# 64' Le Mans rear bumper



## GIA1964 (Nov 16, 2014)

Hello, I am new to the forum and hope someone can help me on this issue. I am currently doing a partial restoration on a 1964 Le Mans 2dr Post Coupe. I am wanting to replace the rear chrome bumper as it isn't in the greatest shape, and it's also slightly bent on the drivers side and doesn't line up evenly like the passenger side. I have a friend who has a nice chrome rear bumper from a 1965 Le Mans and compared to the 64' rear bumper, they both look the same. Can I use a 65' rear bumper for my 64' Le Mans?

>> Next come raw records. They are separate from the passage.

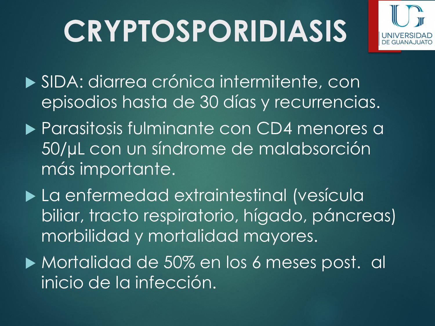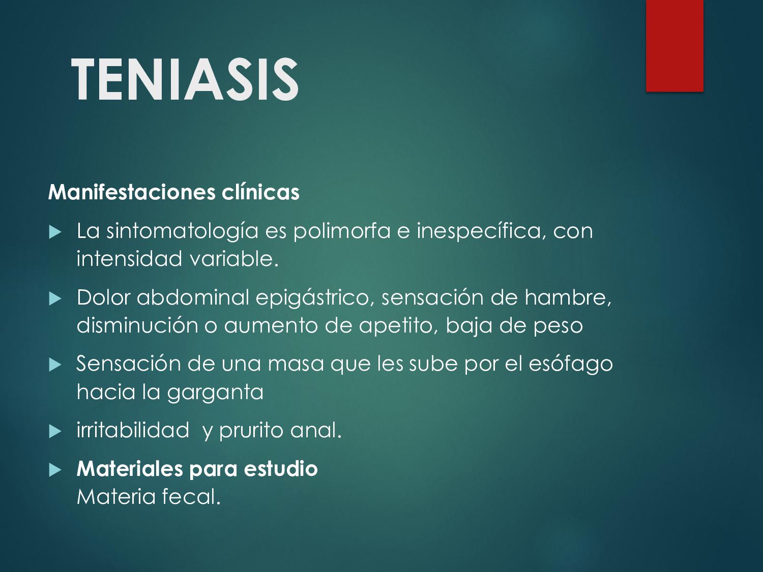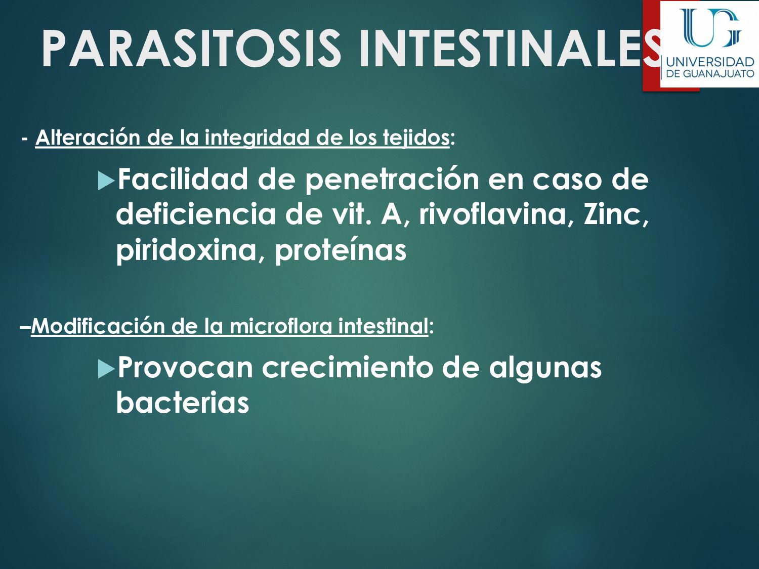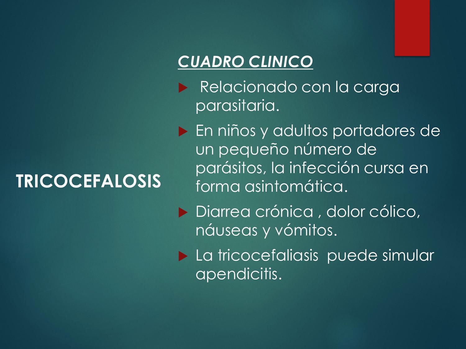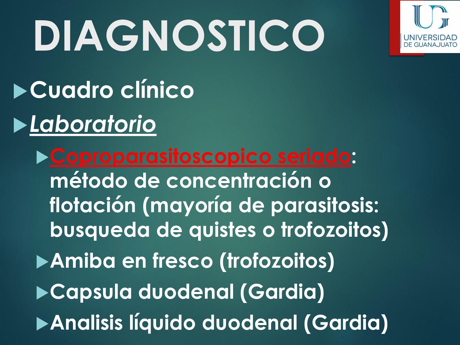 náusea, vómito, disminución del apetito, astenia. La enfermedad aguda suele resolverse en unas semanas, aún sin tratamiento. 30 - 50% desarrolla una parasitosis crónica: Diarrea recurrente, Esteatorrea, Evidencia bioquímica de malabsorción de grasas, lactosa, vitamina A y vitamina B12, Disminución de peso y deficiencias en el crecimiento y desarrollo infantil.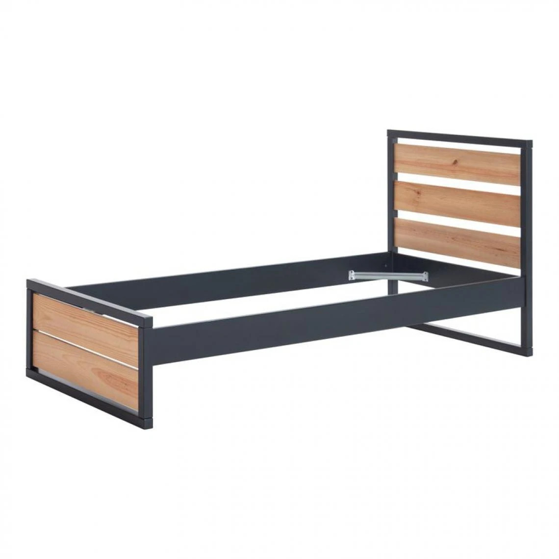 Finition :laqué gris anthracite. . Garantie :2 ans. . Structure :panneaux de fibres de moyenne densité. . Couchage en cm :90 x 190 (sans matelas). . A monter soi-même. . Vendu sans matelas. . Vendu sans sommier. . Dimensions en cm :l. 98,5 – H. 102,5 – L. 200. . Tête et pied de lit :pin massif vernis couleur chêne. . Conforme aux normes en vigueur. . Dispo pcs détachées donnée fournisseur :NC. .
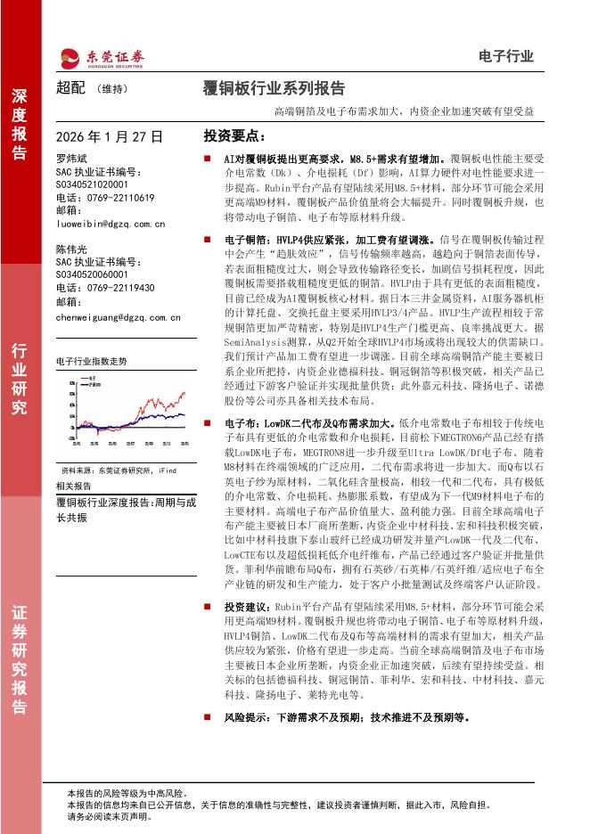 东莞证券:覆铜板行业系列报告:高端铜箔及电子布需求加大,内资企业加速突破有望受益.pdf

Thank you


----------



## Goat Roper (Oct 28, 2014)

GIA1964 said:


> Hello, I am new to the forum and hope someone can help me on this issue. I am currently doing a partial restoration on a 1964 Le Mans 2dr Post Coupe. I am wanting to replace the rear chrome bumper as it isn't in the greatest shape, and it's also slightly bent on the drivers side and doesn't line up evenly like the passenger side. I have a friend who has a nice chrome rear bumper from a 1965 Le Mans and compared to the 64' rear bumper, they both look the same. Can I use a 65' rear bumper for my 64' Le Mans? Thank you


According to this site they are interchangeable.

LEMANS/GTO


----------



## Roger that (Feb 6, 2010)

The 64 to 65 bumper might look the same to you but I can spot the wrong year bumper on a car very easily. The wrong year bumper might fit but I would think you would have some large gaps. Study the bumpers and you will start seeing different things about them.


----------



## GIA1964 (Nov 16, 2014)

I can see the difference between the two, as the 65' Lemans/GTO rear tail panel sticks out a little further than a 64' does. So, there would be a gap issue there! Thanks for the input!


----------



## geeteeohguy (Feb 2, 2008)

Easy enough to get your original bumper straightened and re-chromed. About $400 in my neck of the woods, and excellent results, too.


----------